All,

I am reading about the relationship between all pairs shortest path and matrix multiplication.

Consider the multiplication of the weighted adjacency matrix with
itself – except, in this case, we replace the multiplication operation
in matrix multiplication by addition, and the addition operation by
minimization. Notice that the product of weighted adjacency matrix
with itself returns a matrix that contains shortest paths of length 2
between any pair of nodes.

It follows from this argument that A to power of n contains all shortest paths.

Question number 1:

My question is that in a graph we will be having at most n-1 edges between two nodes in a path, on what basis is the author discussing of path of length “n”?

Following slides

http://www.infosun.fim.uni-passau.de/br/lehrstuhl/…/Westerheide2.PPT

On slide 10 it is mentioned as below.

dij(1) = cij

dij(m) = min (dij(m-1), min1≤k≤n {dik(m-1) + ckj}) --> Eq 1
       = min1≤k≤n {dik(m-1) + ckj} ------------------> Eq 2

Question 2: how author concluded Eq 2 from Eq 1.

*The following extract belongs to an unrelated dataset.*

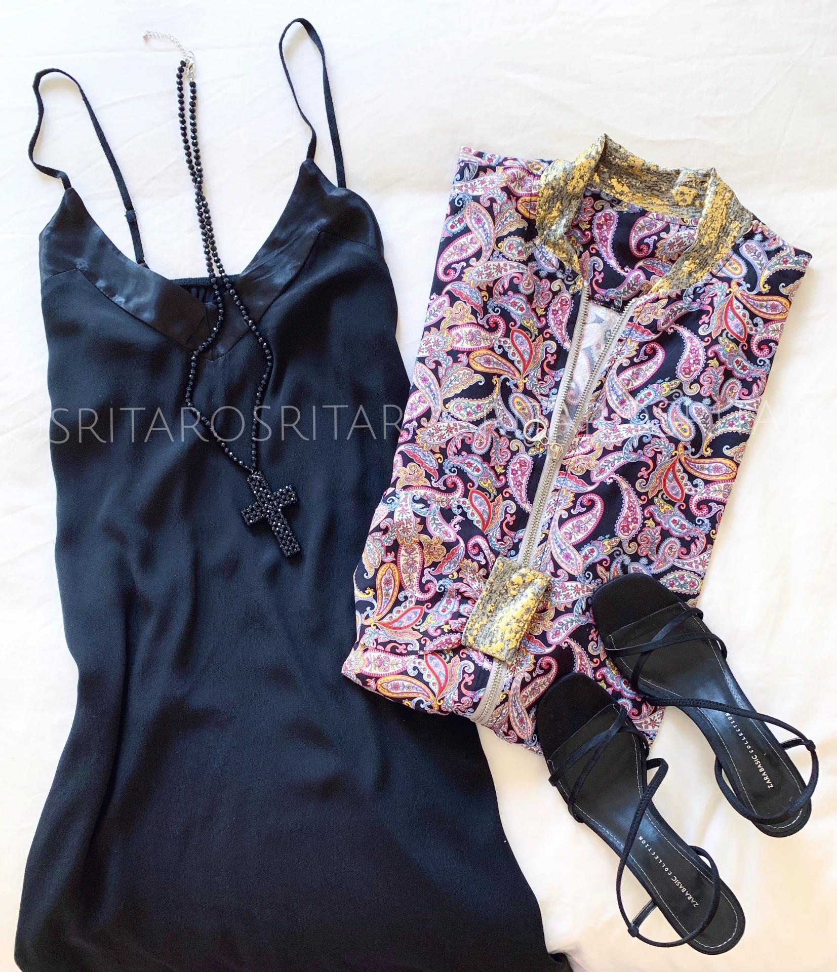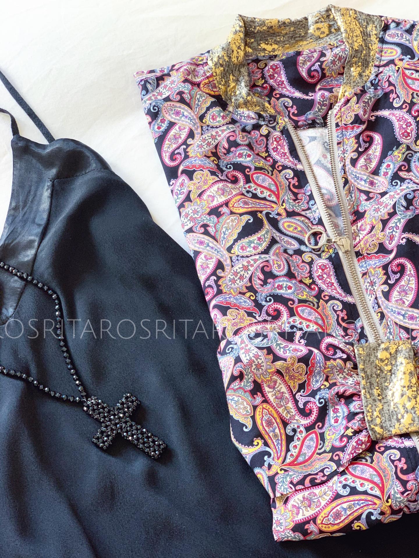 Cazadora tipo bomber estampada con cuello redondo y manga larga. Cuello, puños y bajo en dorado. El tejido es una maravilla.

In Cormen et al book on introduction to algorithms, it is mentioned as below:

What are the actual shortest-path weights delta(i, j)? If the graph contains no negative-weight cycles, then all shortest paths are simple and thus contain at most n – 1 edges. A path from vertex i to vertex j with more than n – 1 edges cannot have less weight than a shortest path from i to j. The actual shortest-path weights are therefore given by

delta(i,j) = d(i,j) power (n-1) = (i,j) power (n) = (i,j) power (n+1) = …

Question 3: in above equation how author came with n, n+1 edges as we have at most n-1, and also how above assignment works?

Thanks!